Back in 2000, when the Dot Com Disclosures were first published, the Internet community had just experienced the bursting of the dot-com bubble, Pets.com was still flying high, no one had heard of an iPhone (or even an iPod for that matter) and Marc Zuckerberg was in 10th grade. Much has changed. Since that time, technology has drastically improved the speed and quality of online communications and Internet advertising in the United States has grown from just over $8 billion in 2000 to over $37 billion in 2010.

As a result of the changing online landscape, the FTC has announced that it is planning to update the Dot Com Disclosures and is soliciting comments from the public in order to gauge what issues should be addressed in the revised guides.

The Dot Com Disclosures were designed to assist online advertisers in complying with the prohibition on engaging in unfair or deceptive acts or practices pursuant to Section 5 of the FTC Act. When an ad makes an express or implied claim that might mislead a consumer without further explanation, a clear and conspicuous disclosure is necessary, regardless of the medium used to convey the marketing message. The Dot Com Disclosures are intended to apply this general legal requirement to the unique environment of the online world.

The Dot Com Disclosures originally identified six factors to consider when making disclosures:

  1. the placement of the disclosure and its proximity to the claim being qualified;
  2. the prominence of the disclosure;
  3. whether other portions of the ad distract attention from the disclosure;
  4. whether disclosures need to be repeated;
  5. whether audio disclosures have sufficient volume, cadence and duration; and
  6. whether the language of the disclosure is understandable for the intended audience.

The Dot Com Disclosures contained examples of mock ads to help analyze and apply these six factors. The examples published in 2000 obviously did not contemplate ads on smartphones or iPads or the use of social networking. As a result, marketers have been left to their own devices to apply the guidance from the disclosures to current technology and services.
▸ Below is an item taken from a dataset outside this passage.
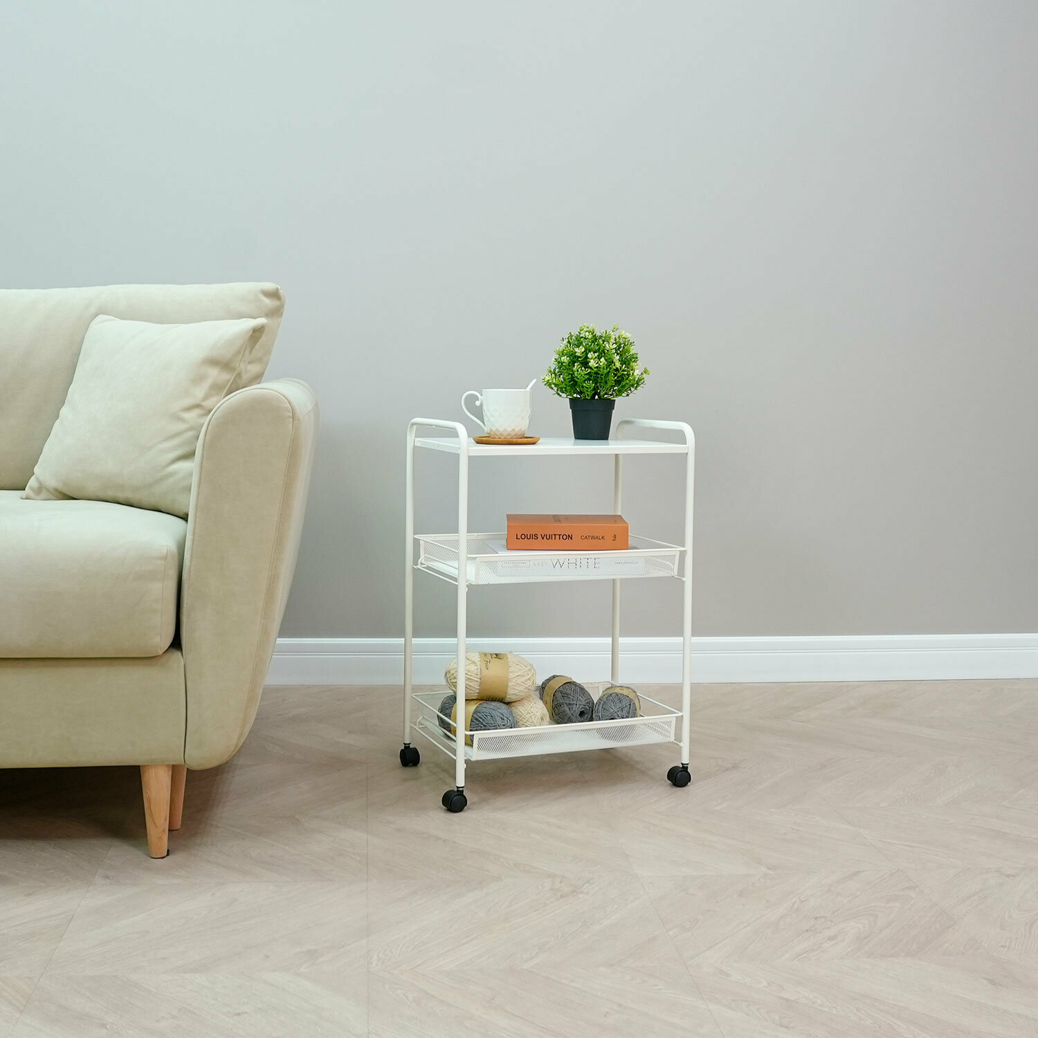 Офисно-бытовая этажерка "Ладья-33КС" предназначена для хранения хозяйственных товаров, канцелярских принадлежностей, документов и предметов обихода в офисах и в быту. Ее применение позволяет оптимально организовать рабочее пространство, сэкономить место. Этажерка выполнена из прочной металлической трубы 14 мм и стального листа в мелкую сетку. Две прочные широкие металлические корзины. Нагрузка на корзину – до 10 кг. Увеличенное расстояние между нижними корзинами для высоких предметов. Полка-столик из стального листа. Дополнительный пластиковый декоративный крючок для мелочей. На ножках предусмотрены пластиковые поворотные роликовые опоры. Изделие поставляется в разобранном виде в картонной коробке с ручкой. Простая сборка, без применения инструментов. Тип товара: этажерка. Количество ярусов: 2 шт. Материал: металл. Максимальная нагрузка на ярус до: 10 кг. Самоориентирующиеся колеса для перемещения: да. Цвет: белый. Соответствует требованиям госта: ГОСТ 16371-2014. Высота: 650 см. Ширина: 450 см. Глубина: 300 см. Вес: 3.3 кг Бренд - ZMI. Производитель - Россия. Артикул - Э 356 Б. Штрихкод - 4610093785669

While the FTC's request for comments covers a number of areas, the FTC identified the following areas of particular interest:

  • issues raised by new technologies (i.e., smartphones; tablets) and new Internet activities (i.e., social networking; user-generated content);
  • issues raised by new laws since 2000 (e.g., laws regarding privacy);
  • unique issues that require disclosures separate from general disclosures (i.e., online behavioral advertising);
  • whether guidance in the original Dot Com Disclosures is outdated or unnecessary; and
  • issues relating to online affiliate marketing.